Главное, чтобы только силы не иссякали и революционное чутье ни на одну секунду не слабело. А не иссякает оно и не слабеет никогда только благодаря короткому, но полноценному отдыху. Вот почему понятливая мама Щука и Хека так старалась сделать квартиру с видом на Красную площадь красивой и уютной. Каждый день она садилась в служебную машину самого большого командира и часами объезжала склады реквизированного имущества. Она не жалела ни времени, ни нервов, ни своего собственного здоровья на поиск радующих глаз и сердце большевика вещей и даже однажды заехала на самый дальний и большой склад на станции Косино.
Тут ее и увидели Щук и Хек. Ведь они лежали на самой верхней полке высокого вагона. А сам вагон стоял на высокой железнодорожной насыпи. Вот почему увидеть маму детям не помешала даже зеленая ограда с гвоздями и колючей проволокой, навитой сверху. Сквозь ее кольца Щук с Хеком разглядели молодую, очень красивую женщину в новой длинной шубе и блестящей меховой шапке. Мама шла по двору бывшего дровяного склада к большой черной легковой машине. А следом за мамой шагал шофер в новой красноармейской форме и бережно нес в руках две коробки. Одну с сервизом на двенадцать, а вторую с сервизом на двадцать шесть персон. Только Щук и Хек, конечно, даже с такой высокой точки обзора не могли сосчитать тарелки и чашки, тем более что их и не видно было внутри коробок. Зато одну-единственную маму они вычислили сразу и безошибочно. И как только вычислили, немедленно с тихого-тихого шепота перешли мальчишки на громкий-громкий, даже отчаянный крик.
– Мама! Мама! – стали звать ребятишки разоблаченного следователя хорошенькую женщину в длиннополой шубе. – Мамочка, мамочка, мы здесь! – кричали они.

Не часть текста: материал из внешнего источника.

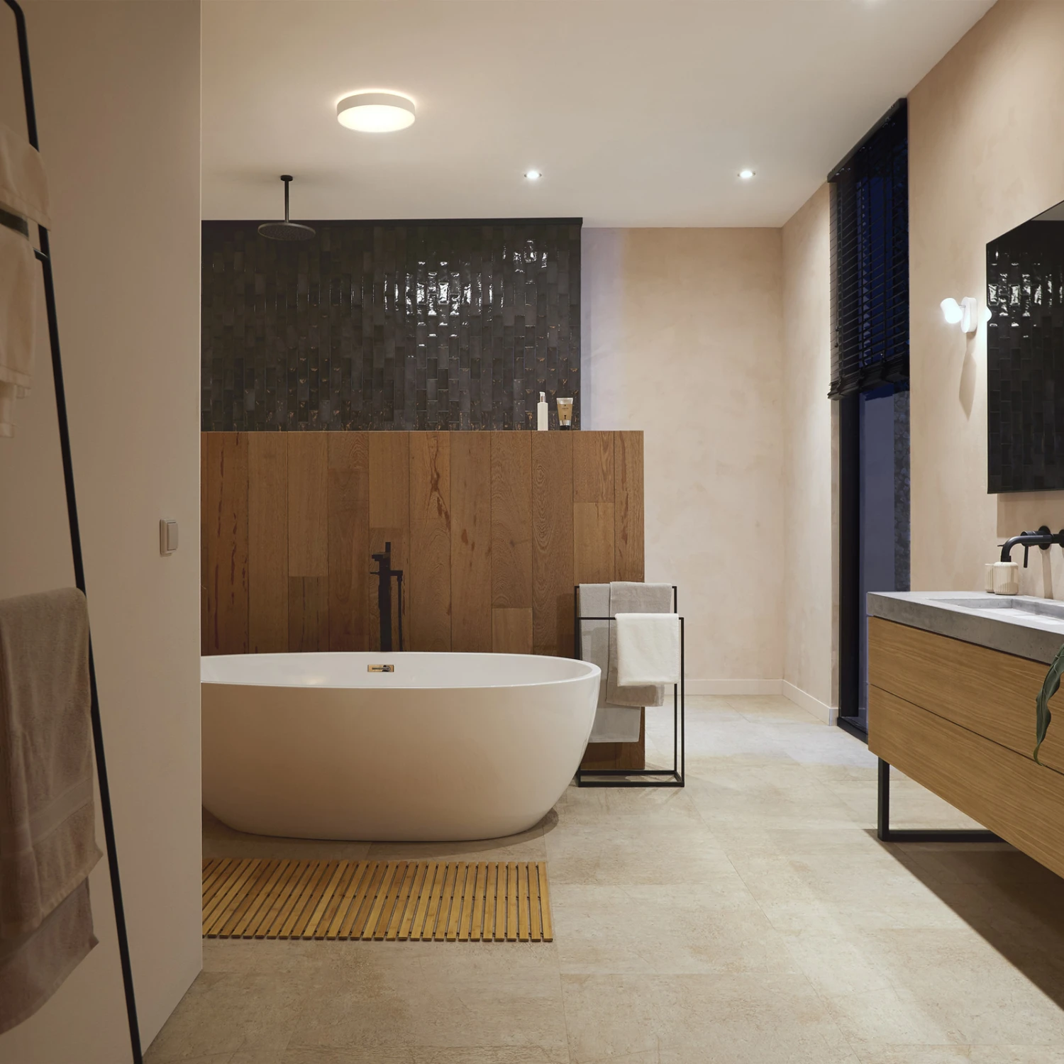 Controlled is the splash-proof ceiling light according to preference. The included dimmer switch allows switching, dimming and selecting predefined light scenes. Directly via Bluetooth, the Hue Bluetooth app on the tablet / smartphone can also be used for precise control of the light color and a selection of numerous scenes. The whole world of smart lighting control, such as integration into an existing smart home system, remote control with the Hue app or voice control, opens up with the integration via Hue Bridge.

Конечно, настоящие пионеры, будущие депутаты и члены ЦК нашей партии ни в коем случае не должны были бы так поступать. Особенно когда их в особом поезде везут через всю страну с секретным заданием. Но только Щук и Хек были еще такими маленькими, что им не сразу стало стыдно. А когда наконец стало, они немедленно замолчали.
– Ты зачем кричал? – спросил Щук Хека. Старший брат первым успел вытереть слезы и теперь строго смотрел на младшего.
– Не знаю, – честно сознался маленький Хек. Ведь он никогда не врал. Потом он высморкался, немного подумал и сказал: – Наверное, если бы мама нас с тобой здесь увидела, она бы очень обрадовалась. И даже, наверное, немного загордилась, что у нее такие особые сыновья.
– Да, – ответил Щук, – наверное. Но только если бы случайно увидела. А вот если бы услышала, как
мы с тобой глупо да еще хором орем на весь поезд, то, конечно, гордиться бы вовсе не стала. Даже наоборот.Конечно. Только зря Щук и Хек беспокоились. Ничего мама не слышала. После всех неожиданных перемен в ее жизни она теперь могла пить сладкого вина столько, сколько хочется, и даже начинать с утра. Никто ее не проверял и не контролировал. Даже бутылку мама могла выпить одна всю целиком. Или, например, две, если точно знала, что самый главный командир в папиной организации сегодня на совещании в каком-нибудь нацрегионе. Никого не допрашивает, сам лично выступает с речью далеко-далеко от Москвы и ночью поэтому внезапно не заявится. Именно в такой вот незанятый день мама и оказалась на станции Косино. А значит, она не то что ничего не слышала в этот вечер, она и видела-то не совсем хорошо. Иначе бы, конечно, вместо второго сервиза взяла новую вазу для цветов.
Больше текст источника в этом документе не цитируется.